Mulai Keerai Kootu or Thotakura Kootu is a healthy and delicious South Indian lentil-based stew or gravy using amaranth leaves, coconut and spices. This is a great side dish for hot steamed rice. Amaranth leaves are very popular in India and can be used in wide range of dishes such as Thotakura Sambar, Corn Amaranth Pakora, Thotakura Pulusu Koora and Thotakura Pappu.
Few More South Indian Recipes
- Besan Coconut Stuffed Brinjal
- Gutti Dondakaya Ulli Karam
- Vendakka Thoran
- Rava Upma
- Instant Ragi Idli
- Sorakaya Vadalu
How to Make Thotakura Kootu Recipe below:
Thotakura Kootu or Mulai Keerai Kootu Recipe
- 1 cup Amaranth Leaves finely chopped
- ¼ cup Moong Dal
- 1 Tomato
- 1 Onion
- ⅛ tsp Turmeric Powder
- ¼ cup Grated Fresh Coconut
- ½ tsp Rice Flour
- ½ tsp Mustard Seeds
- ½ tsp Urad Dal
- ½ tsp Cumin Seeds
- A pinch of Hing
- Red Chilli Powder as needed
- Salt to taste
- 2 tsp Oil
- Pressure cook the rinsed moong dal with turmeric powder and ¾th cup of water until soft. Mash the cooked dal and set aside.
- Grind the coconut with rice flour and water to a fine paste and set aside.
- Remove the root part of the amaranth greens and wash them twice in plenty of water.
- In a vessel, add the chopped greens, chopped tomato and enough water. Cook till the greens are cooked well.

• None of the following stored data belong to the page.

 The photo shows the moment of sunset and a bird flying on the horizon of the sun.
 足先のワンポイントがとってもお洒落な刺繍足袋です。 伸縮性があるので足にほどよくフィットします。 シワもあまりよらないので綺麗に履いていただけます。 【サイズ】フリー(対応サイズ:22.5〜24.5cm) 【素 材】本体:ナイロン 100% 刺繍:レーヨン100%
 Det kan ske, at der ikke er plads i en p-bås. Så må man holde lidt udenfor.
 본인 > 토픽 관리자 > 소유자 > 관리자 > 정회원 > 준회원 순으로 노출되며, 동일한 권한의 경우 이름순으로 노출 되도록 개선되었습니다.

- Heat oil in a pan and add the mustard seeds, urad dal and cumin seeds and let them splutter. Add the hing and stir for a few seconds.
- Then add the chopped onion and saute until they are nice golden brown color.

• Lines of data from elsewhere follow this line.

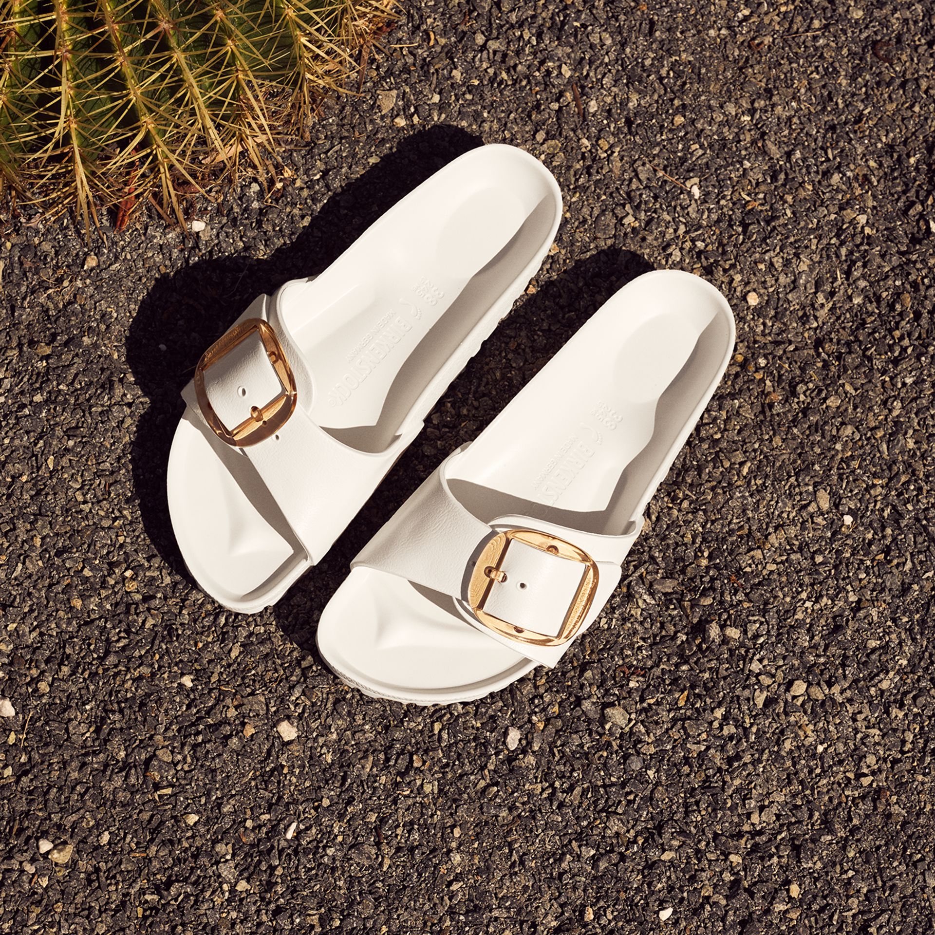 プールや海辺でも活躍する素材です。(たまに雨の日に履いている方も見かけますね!)クリアなバックルがポイントの新作です。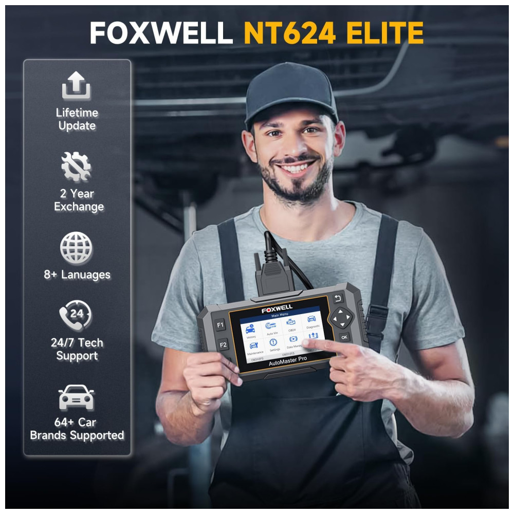 Trabalho pronto para uso Atualização gratuita para toda a vida Proteção pós venda As ferramentas de varredura automotiva NT624E podem ser usadas fora da caixa e você não precisa atualizar antes de usar, pois vem com o software existente. A caixa externa resistente evita danos ao scanner do carro. A ferramenta de atualização FoxAssist permite que você atualize e desinstale o software, salve e imprima dados, ganhando mais modelos de veículos disponíveis com base na vida útil gratuita.
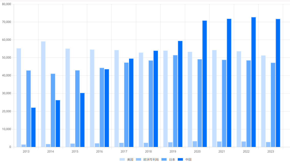 圖1 中美日歐PCT國(guó)際階段受理趨勢(shì)(2013-2023)

- Add the mashed lentils, cooked greens, ground coconut, salt and red chilli powder to the sauteed onions.
- Add a little water to adjust the consistency of the kootu.
- Mix well and bring it to a boil. Turn off the flame.
- Serve with rice and ghee.
Nutrition values are estimates only.